- _TASK PROMPT_: Once the line holding "W piątkowy wieczór" is found in the entries below, transcribe exactly every line up to and including the one holding "Folding Dining Table, Drop", but leave out the pictures.
**********
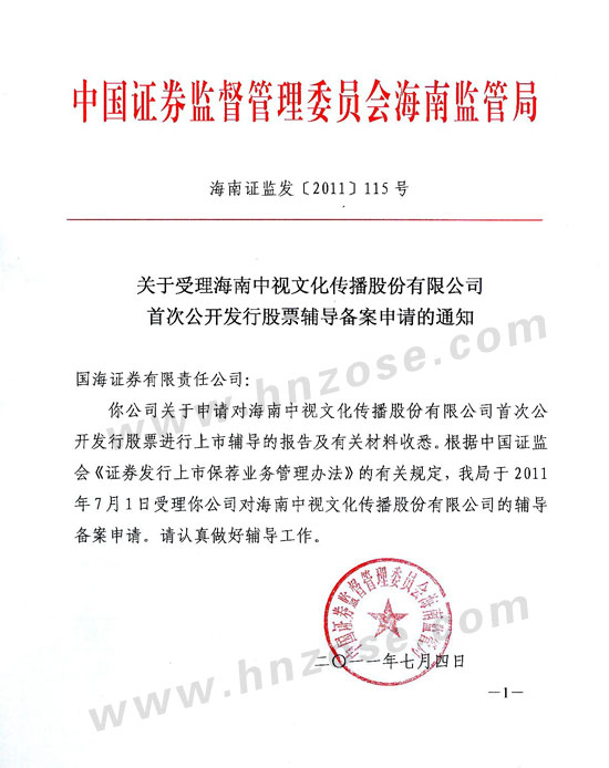 China Securities Regulatory Commission Hainan Office officially accepted the application for the IPO (Initial Public Offering) of Hainan ZOSE Cultural Communication Stock CO., LTD which was guided by the Sealand Securities Co., Ltd on July 1, 2011. This meant ZOSE Cultural Communication Stock CO., LTD formally entered the pre-listing tutoring period.
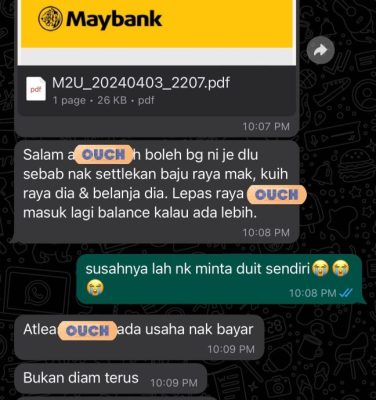 他说,临近开斋节,他便请7位欠他钱的朋友还债,但只有2人回复,其余5人都“失联”不回信。
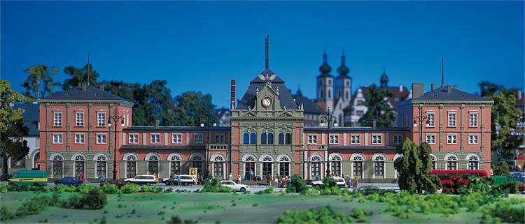 Stavebnice impozantního modelu nádraží podle skutečnosti. S vybaveným interiérem, otevíratelnými dveřmi atd. Detailní a bohatá výzdoba.
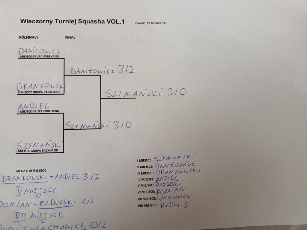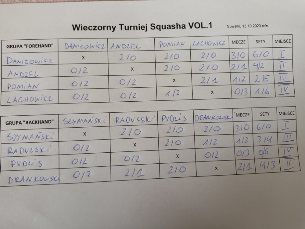 W piątkowy wieczór w Studio Ruchu Suwałki spotkało się 8 sympatyków squasha. Wśród nich czołowi zawodnicy z Suwałk, Olecka i Giżycka. Rywalizowali w dwóch grupach, każdy z każdym.
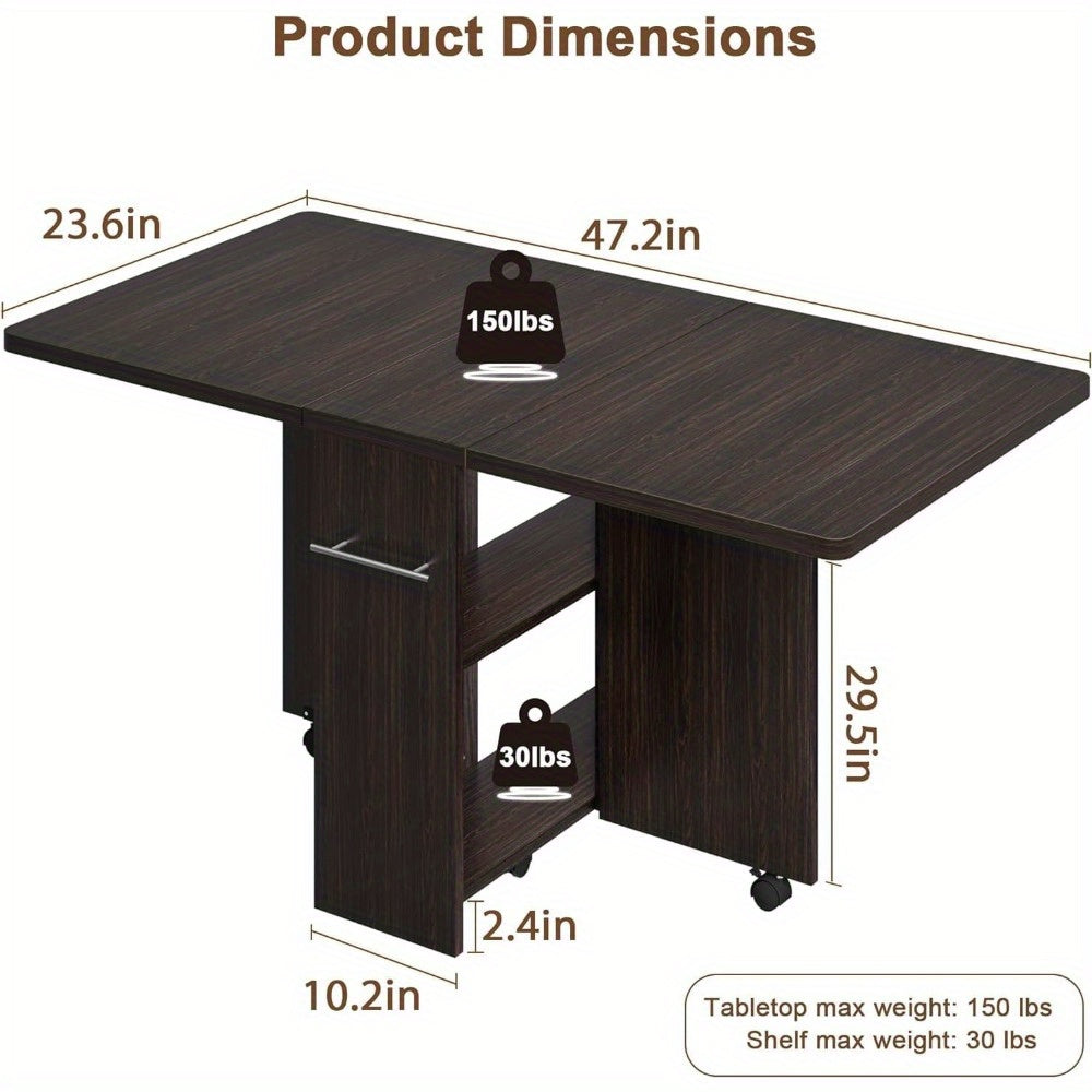 Folding Dining Table, Drop Leaf Dining Table with 6 Wheels and 2-Layer Storage Shelf, Space Saving Dining Table for Small Spaces
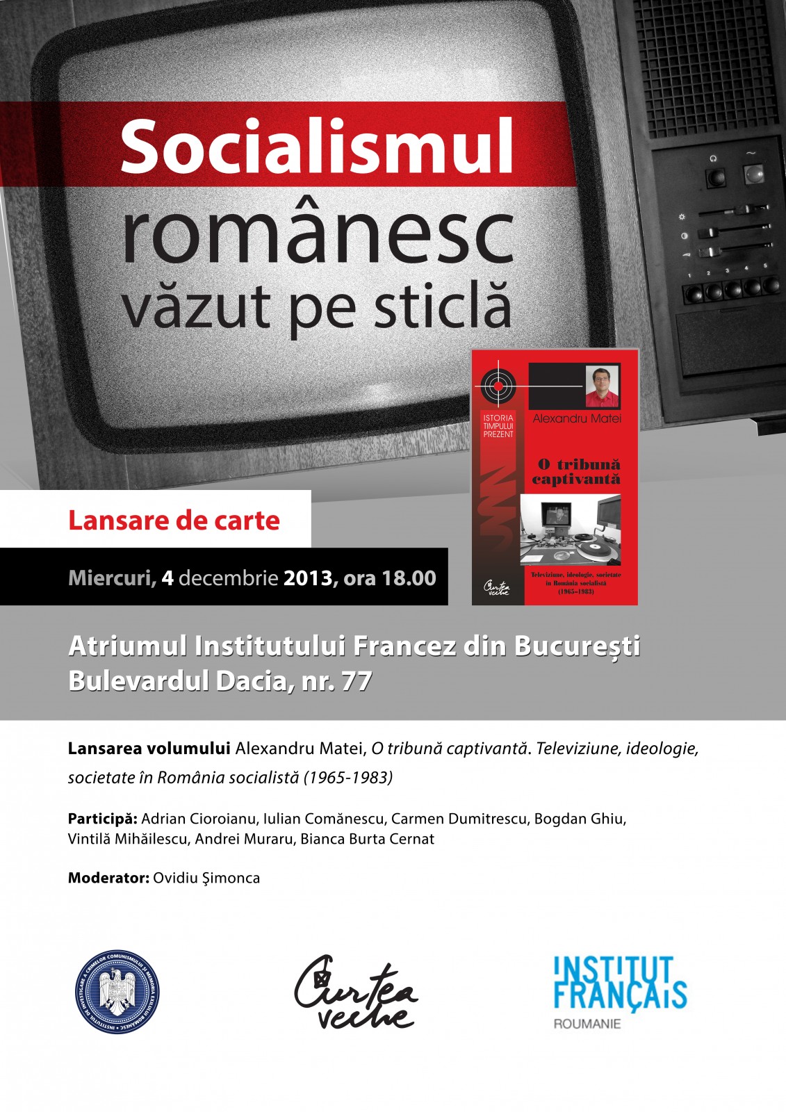 Curtea Veche Publishing invită cititorii la evenimentul de lansare a cărţii „O tribună captivantă. Televiziune, ideologie, societate în România socialistă (1965-1983)” de Alexandru Matei, un volum ce ridică întrebări pertinente despre rolul Televiziunii Române socialiste, atât ca fereastră spre cultura de masă europeană, cât şi ca instrument politic şi ideologic. Evenimentul va avea loc miercuri, 4 decembrie, la ora 18.00, sub forma unei dezbateri, în Atriumul Institutului Francez (Bulevadrul Dacia nr. 77). Discuţia va fi moderată de Ovidiu Şimonca şi va beneficia de prezenţa autorului şi a unor experţi în domeniul istoriei şi comunicării media: istoricul Adrian Cioroianu, specialistul media Iulian Comănescu, cunoscuta realizatoare Carmen Dumitrescu, scriitorul Bogdan Ghiu, antropologul Vintilă Mihăilescu, istoricul Andrei Muraru, director IICCMER, şi criticul Bianca Burta Cernat (Observator cultural). Lansarea este organizată în parteneriat cu IICCMER şi Institutul Francez din Bucureşti.
**********
- _TASK ANSWER_:
 W piątkowy wieczór w Studio Ruchu Suwałki spotkało się 8 sympatyków squasha. Wśród nich czołowi zawodnicy z Suwałk, Olecka i Giżycka. Rywalizowali w dwóch grupach, każdy z każdym.
 Folding Dining Table, Drop Leaf Dining Table with 6 Wheels and 2-Layer Storage Shelf, Space Saving Dining Table for Small Spaces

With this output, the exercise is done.